Migliore è quello che prepara il prete: una vera crema, profumata e consistente. Per quelli della sua generazione, pur santificando solo le feste principali, il prete è sempre un’istituzione, anche se la tonaca non la porta. Ancor di più ora che questo, poveretto, se ne sta in una parrocchietta quasi dimenticata; mentre sorseggiano il caffè due chiacchiere, rigorosamente all’insegna dell’imperfetto: “era una brava persona, dedita al lavoro e alla famiglia”.

E mentre ora ridiscende la strada tutta curve si sente attento, attento e vigile.
Ecco, il vigile appunto: stamattina c’è pure lui ad aspettarlo al bar, sono cresciuti insieme, ne hanno da raccontarsi; il minimo è la condivisione di un caffè. Anche se, a questo punto, si aggiunge il reflusso gastrico, per contrapposizione diminuisce il senso di fatica. Che, ad esser sinceri, se anche il vigile non ci fosse, lo stimolo non mancherebbe: si sa quanto il caffè aumenti la motilità della muscolatura intestinale e mica puoi andare al bar senza consumare. Certo, si potrebbe ordinare altro, ma un prosecco di mattina, così a digiuno, meglio di no, e poi la parola caffè di solito esce da sola, quasi senza rendersene conto. La caffeina comunque tiene decisamente sotto controllo la sciatalgia; perfino la leggera zoppia a questo punto appare attenuata e, sebbene non sia fattibile una corsetta, i crampi muscolari, tutto quel tirare, passano in secondo piano.
E così, casa dopo casa, chiacchiera dopo chiacchiera, dei caffè, che siano acquosi o forti, dolci o amari, avanti uno e a seguire un altro, perde pure il conto.

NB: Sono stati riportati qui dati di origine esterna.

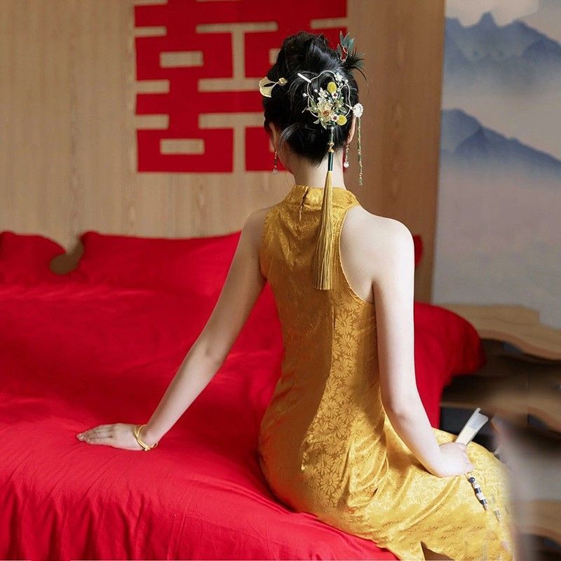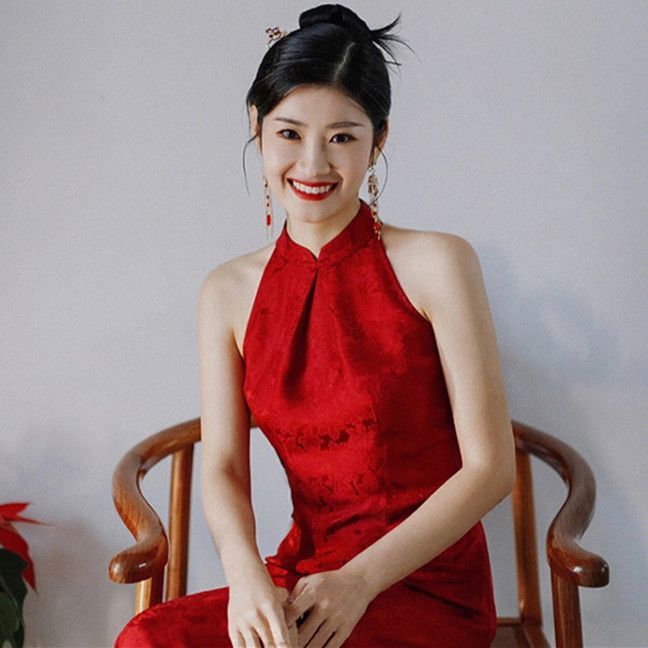 Morning gown wedding bridal feeling wedding women's new Chinese style improved cheongsam autumn and winter red national style retro dress

Questo, di fronte alle sue carezze, alle domande provate e riprovate, ma buttate là abilmente, come per caso, lui le confida il sabato sera tenendola abbracciata.
E a lei, quelle confidenze – non le testuali parole, questo proprio no, considerato un certo ingarbugliamento cronologico unito alle abilità sintetiche da sempre usate quando le parla – suonano bellissime.
Non capisce però perché adesso non la smetta di piangere e soprattutto quando, sorpreso, le chiede cosa stia succedendo, gli risponda che è tanto, tanto felice.
Mah, una vita insieme e ancora riesce a stupirlo. Comunque quando, tirando su col naso, lei afferma che va a farsi un caffè – tanto chi è capace di dormire? – senza accorgersene, così per osmosi sentimentale o forse solo per farle intendere il suo senso di vicinanza, anche se non ha capito il perché della sua commozione, le dice che quasi quasi un sorso lo berrebbe anche lui.

Sente il suo armeggiare in cucina; riconosce lo stridore della caffettiera che sta avvitando, il rinchiudersi dell’armadietto, il trillo del microonde con cui scalda il latte. I soliti rumori, ma rassicuranti che lui ascolta come fossero musica, gli occhi socchiusi e la testa sul cuscino di lei.
Un cuscino che, come il suo, sprigiona un delicato profumo di pane.